On the back of Morag's findings, the Scottish Refugee Council and Refugee Survival Trust have launched the Stop Refugee Destitution Scotland campaign in an attempt to solve the problem.


The petition that accompanies the campaign aims to change the government's policy on asylum seekers so that they may avoid living on Scotland's streets or starving due to lack of food.


Refugees are often smuggled into the city by traffickers, as they desperately flee war-torn or oppressive homelands where their lives are in danger.


They arrive disorientated, with no belongings or finances, and are left to convince the UK government that they will be murdered, raped or injured if deported home. If their attempts at asylum fail, they are evicted from government accommodation and left to face life on the streets.


Michael's political beliefs are what prevent him from a safe return to his home country of Zimbabwe. He supported a political party that went against the oppressive government in power, making him an enemy to the regime.


While on a business trip to Scotland in 2005, Michael received a call informing him that his office had been ransacked and that if he returned home, he was likely to be killed.

He lives with the constant threat of being sent back to Zimbabwe, fearful of what he might face if he returned home.


He is trapped in Scotland, and the little money he originally travelled with ran out long ago. He has been living here ever since, first moving between couches at friends' houses, then living with strangers and finally resorting to sleeping at a night shelter for destitute asylum seekers.


In the past, he has been forced to rummage in skips for food and eat portions of chips abandoned on the pavement by people on nights out.


"One time a man let me stay in his house for a week, he was a drug addict," says Michael, the tone of his soft-spoken voice tinged with shame.


"I stayed there for maybe a week, but there was nothing there and no electricity. Another person I stayed with said that showering was too expensive, so I couldn't wash there."


Michael lost touch with his wife and four children 18 months ago, after receiving a letter through the Home Office telling him that the family had fled Zimbabwe for their own safety.


His wife arranged for the children to be smuggled over the border into neighbouring countries, but Michael believes the five are now divided - some in Zambia, Botswana and South Africa. He has not seen them since he was left stranded in Glasgow and now struggles to remember facts about them - such as their ages - as he describes leaving them behind.
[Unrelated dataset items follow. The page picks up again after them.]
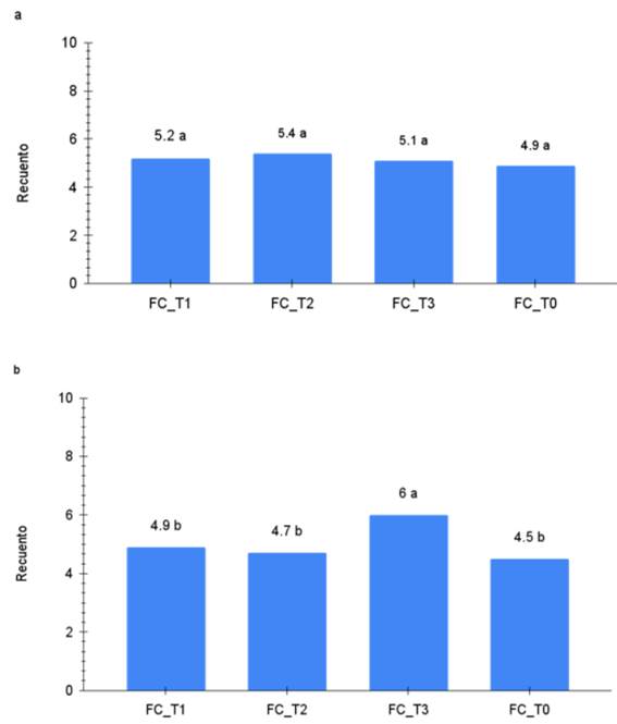 En el crecimiento de las plantas se observan diferencias significativas (p≤0.05) que forman varios subconjuntos (figura 4a). El mayor valor se registró en el T3 (106.5 cm), seguido del T2 y T3 con valores de 92.3 cm y 87.5 cm, respectivamente. Mientras que las diferencias en altura en la FO de mayor a menor de los tratamientos fue de 81.9 cm (T1), 76.3 cm (T2) y 74.5 cm (T3), mientras que el tratamiento control en la FC obtuvo el registro más bajo (72.7 cm) en todo el trabajo.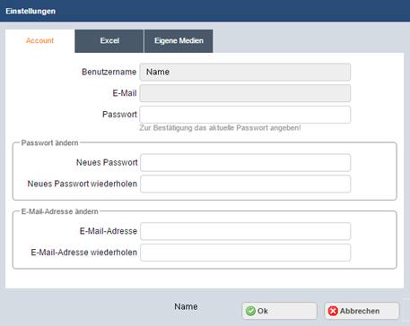 Auf dem Reiter Account kann sowohl das automatisch zugewiesene Passwort als auch die E-Mail-Adresse geändert werden.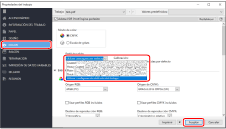 Seleccione la ficha [COLOR], seleccione cualquier perfil de salida en [Perfil de salida] y, a continuación, haga clic en [Aceptar].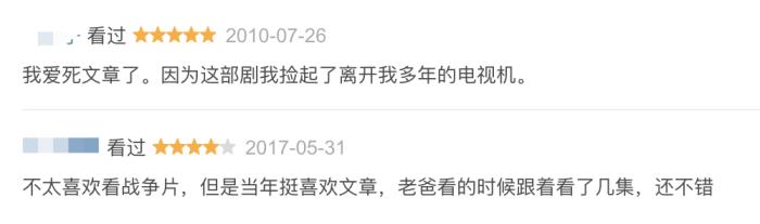 就连不喜欢看抗战剧的观众,都坦言因为文章的表演,在家和爸妈一起把这部剧看了不下十遍。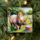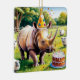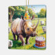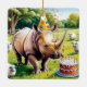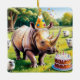 This is an AI generated image. I wanted it to be a rhino wearing a birthday hat in the english country side.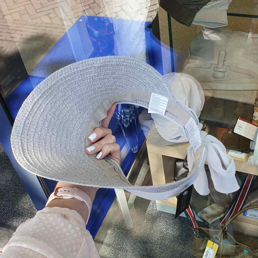 Brede en grote zonneklep die helemaal rondom het gezicht loopt en daarom de beste bescherming biedt tegen de zon. Doordat de bovenkant open is, kan de wind lekker door je haren waaien, zonder dat je haren plat worden. De klep is met de strik aan de achterkant strakker te maken.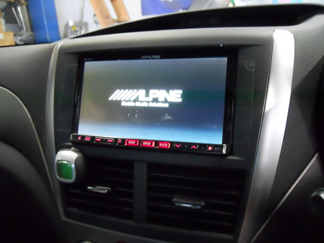 ナビは人気のアルパインX007、同じくアルパイン製リヤカメラは埋め込み加工で装着です。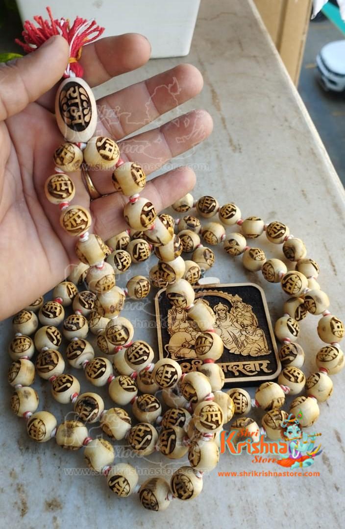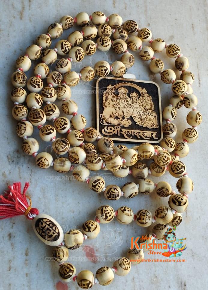 Ram Carved Big Tulsi 108 Beads Japa Mala with Ramdarbar Locket Mala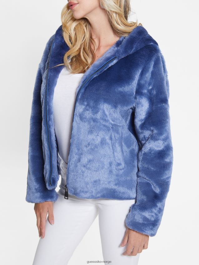 Guess daniela fuskepelsjakke lidenskapsblå lidenskapsblått kvinner F0LJ809865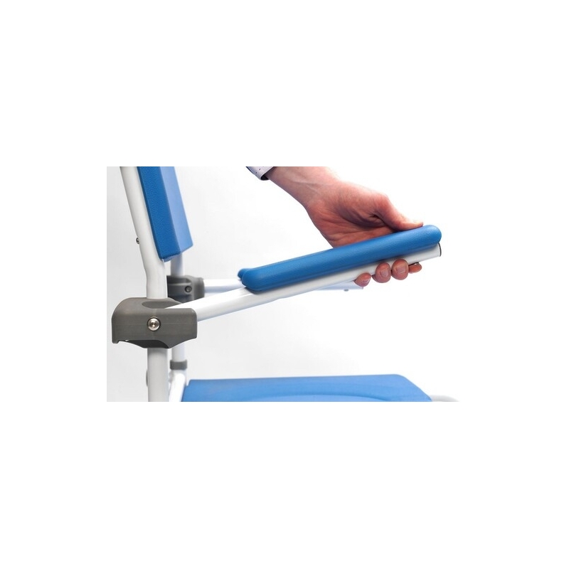 Esta cadeira de duche e WC da Aston traz funcionalidade, conforto e qualidade ao duche do seu paciente. Pode ser utilizado como duche e sanita graças ao seu equipamento. Tem todos os avanços em manobrabilidade e conforto: quatro rodas multidireccionais com travões, apoios de braços macios e fáceis de dobrar, um apoio de pés dobrável, amovível e ajustável em altura, um assento flexível com bacia amovível para utilização em sanitas. O assento e o encosto são feitos de espuma de alta densidade, não deformável, impermeável e desinfectável. A taça de grande capacidade (5 litros) com tampa pode ser retirada da parte de trás. O encosto pode ser removido para facilitar o transporte.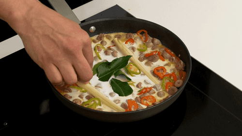 Обжарить куриные сердечки на подсолнечном масле, добавить чили, листья лайма, лемонграсс, коричневый сахар, кокосовые сливки, рыбный соус, сок лайма и немного цедры лайма, все затянуть.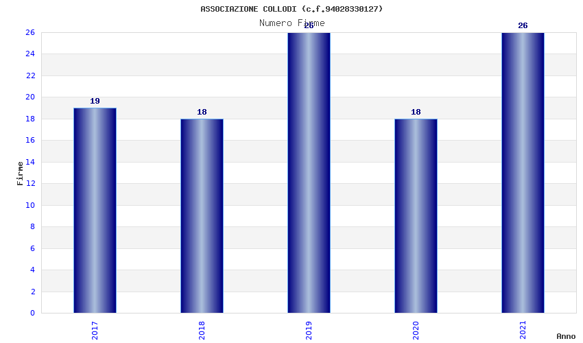| Anno | Firme | Importi | Media | Naz. | Reg. | Prov. | Comu. |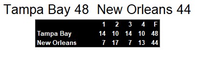 But, the Tampa run and pass game ground down New Orleans with a more balanced 3 touchdowns each. Hilger suffered some at the Tampa defense, too, enduring 8 sacks on the game. With the win, Tampa moves to 4-5 and within striking distance of the playoffs.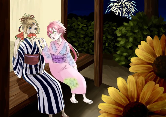 4 13 #コンパスお絵描き けふさん(@ans_be )の合作にキララで参加させて頂きました☺️ スイカは後でいっこ奪いました 21/09/14 18:12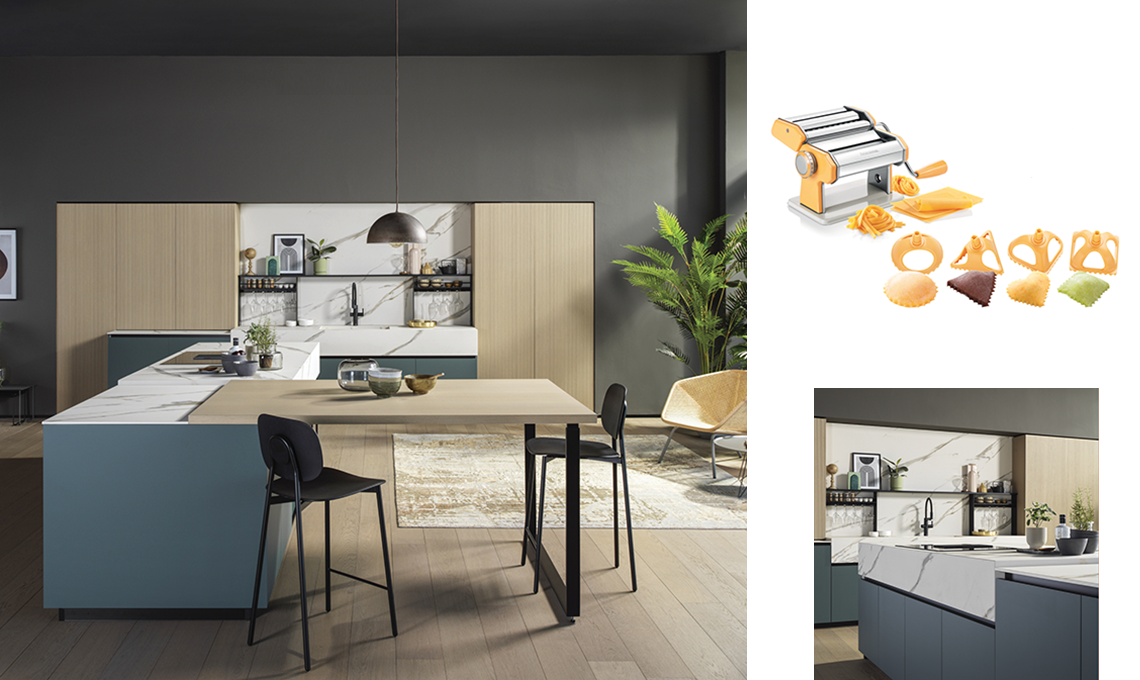 Cucina Kalì di [Arredo3], qui con allestimento Gaia. Macchina per la pasta fresca Delícia [cm 36x19x15h], set di Taglia Ravioli Delícia. Di [Tescoma].

Although he has applied for asylum to grant him safety and the right to work in the UK, his attempts have thus far failed and any government support he once had has been withdrawn.

Michael is none the wiser about why this has happened, having provided as much evidence as he could of his plight, and patiently awaits the verdict of a judicial review.


"I am terribly sad," he says, misery flickering across his face, eyes still transfixed on a far wall of the room.


"I cannot return to Zimbabwe, but here I have nothing. I worked all my life in Zimbabwe. Here, I am prohibited from working. I volunteer in the community, I give as much as I can because I can't work.


"I must walk over town to get food. I get clothes from different places - they are donated. Sometimes they suit me, sometimes not. You can see they are broken."


The Stop Refugee Destitution Scotland campaign is an attempt to change Home Office policy on the rights of asylum seekers and to prevent them from experiencing destitution when their asylum claims are refused. The campaign website contains a petition that can be signed to help instigate legislative change to help asylum seekers.


It promotes the review of existing asylum support and giving asylum seekers the right to work after six months so that they are able to support themselves. The campaign is also championing a change in culture and public opinion, so that society are made aware of the difficulties and abject poverty faced by people coming to our country to seek safety.